Saturday, June 11, 2011

Mr Sardonicus By Ray Russell

The title of this post is a tad misleading. You see, our small local mall holds a bi-annual book fair to which I take a box. Hardbacks are a buck and soft-covers, well they aren't pricey either. So. Going through the labyrinth of tattered, musty spines and sifting through the hordes of Danielle Steele (omg, who are you people living in my town?) I often stumble upon an award-winner or classic I haven't yet read and swoop in before the big guy with an even bigger box than mine spies my gold. But sometimes there is a book or two if I'm really lucky that simply seems intriguing and I chance the fifty-cents. For me it is Masterpieces of Terror and the Supernatural selected by Marvin Kaye.

Admittingly I do not have as many short fiction anthologies as I should, but I have a few and often the stories selected are more miss than hit for me (with the exception of Best American Short Stories - the edition with Good Old Neon by David Foster Wallace tucked in the back). This anthology of terror and the supernatural is right up my ally. I love me some black and white horror/gothic movies real bad. There has been gem after gem of short stories in here by some famous and not-so-famous authors, including Bram Stoker, Edgar Allen Poe, Mary Shelly, Isaac Asimov and even Walt Whitman. So far two short stories have made such an impression on me that I've got to share them with you.

The first is Carmilla by Sheridan LeFanu (please note that Carmilla is available free through the link as long as you have downloaded the free kindle app or the like). Published in 1872, pre-dating Stoker's Dracula by 25 years, this feminine vampire tale is filled with atmosphere and telling. Set in a forested, remote castle in Syria, the young female protagonist, Laura, develops a friendship with a mysterious girl after a carriage accident leaves the girl at their doorstep, the mother and strange carriage men vowing to return in three months time and warning them the girl will say nothing of who they are or where they come from. Soon  neighbours start dying slow deaths. I'm not sure how I would feel watching the movie after reading such an expertly crafted story, but it has been adapted for the cinema a number of times so I might do some research and seek out a recommended adaptation.

The second, and title-sake piece, is Mr Sardonicus by Ray Russell that was first published in Playboy (1961). It tells of a young doctor who accepts an invitation to the remote skull castle of Mr Sardonicus and his lovely wife, whom the doctor harbours romantic feelings. When the doctor meets Sardonicus he is affronted by the peeled back lips and teeth which are affixed in a wide grimace, only ever found in cadavers. Thus begins the most original, haunting, atmospheric tale I've read.

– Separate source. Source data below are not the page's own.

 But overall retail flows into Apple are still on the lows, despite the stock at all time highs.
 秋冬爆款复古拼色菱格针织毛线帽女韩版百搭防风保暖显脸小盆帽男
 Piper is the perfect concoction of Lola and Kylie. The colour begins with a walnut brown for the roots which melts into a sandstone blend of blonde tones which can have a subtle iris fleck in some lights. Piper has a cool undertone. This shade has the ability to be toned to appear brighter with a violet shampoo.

This story too has been adapted for the screen by Russell and was directed by William Castle. I can't wait to watch it.

It must be noted I read these short tales when the night is black and my bed covers warm. It's the only way to read such transporting, image rich tales.

Tuesday, March 15, 2011

Thank you, Canada Council!

Spring is nearly here. The hyacinths and tulips are peeping through the soil in my garden. Snow piles are lone bergs among the dead leaves of fall past. And my horse is shedding his woolly coat with each love-pat he receives. It's been a long winter, especially long for us. We're ready for warmer nights and the clean smell that rolls over the barren hills. So what lingers ahead?

The lovely Canada Council has awarded me a Creative Writing grant for 2011! I got the good news just the other day. On my way to an appointment I stopped and withdrew the large white envelope in my mailbox. When I opened it I didn't realize the good news until I'd read the letter three times. For some reason I took for granted my proposal had been rejected and I was shuffling through the papers looking for 'something good'. When I read the successful bit I said, 'Oh my God.' My husband thought it must've been another large bill we had to pay. Needless to say he was ecstatic for me. No more distraction and worry over finances, I'm going to kill this novel and send it to the patient publishes kind enough to express interest in it.

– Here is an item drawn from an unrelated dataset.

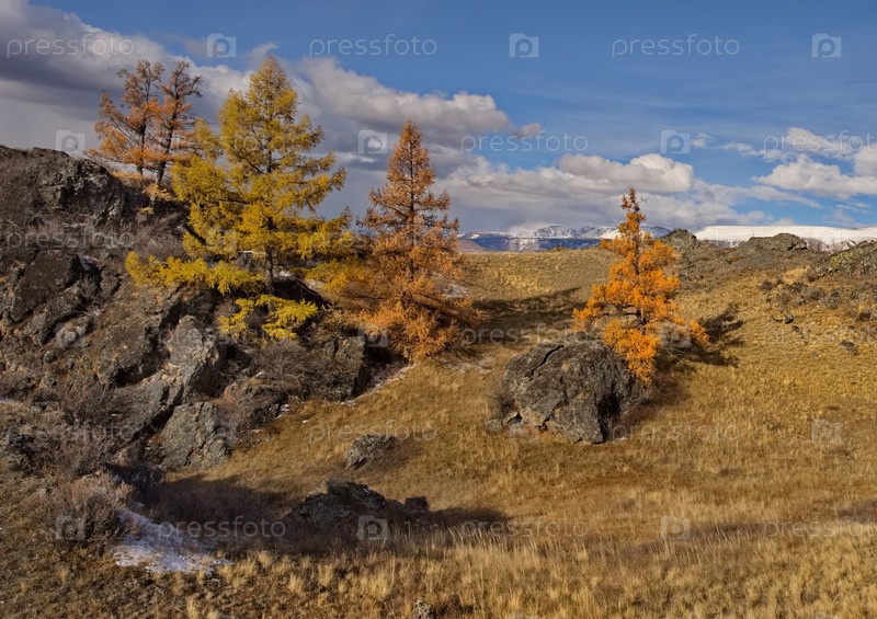 Юг Западной Сибири, Алтайские горы.Глубокая осень в степи Курай на живописных скалистых местах, окруженных желтыми личинками вдоль Чуйского тракта

This could not have come at a more needed time. Despite a recent Canadian blogger's sentiments, being a writer can be a difficult, isolating, often unrewarding career. Financial restraints often impede creativity and stifle production, luring writers into other professions that offer more stability. I understand those people. I almost became one of those people this year, after spending the last six years toiling away in isolation I was ready to get out of the house and make some money, reinstating a sense of general purpose. Alas, this is the other reason the grant is so vital to emerging writers especially. It gives us the confidence to endure the tougher times, that our peers have faith we'll produce work beneficial to our country. This is just as important as the financial reward the emerging writer  grant gifts to writers.

Now off to bed. There is lots to do in the days ahead and dreaming is a good way to start.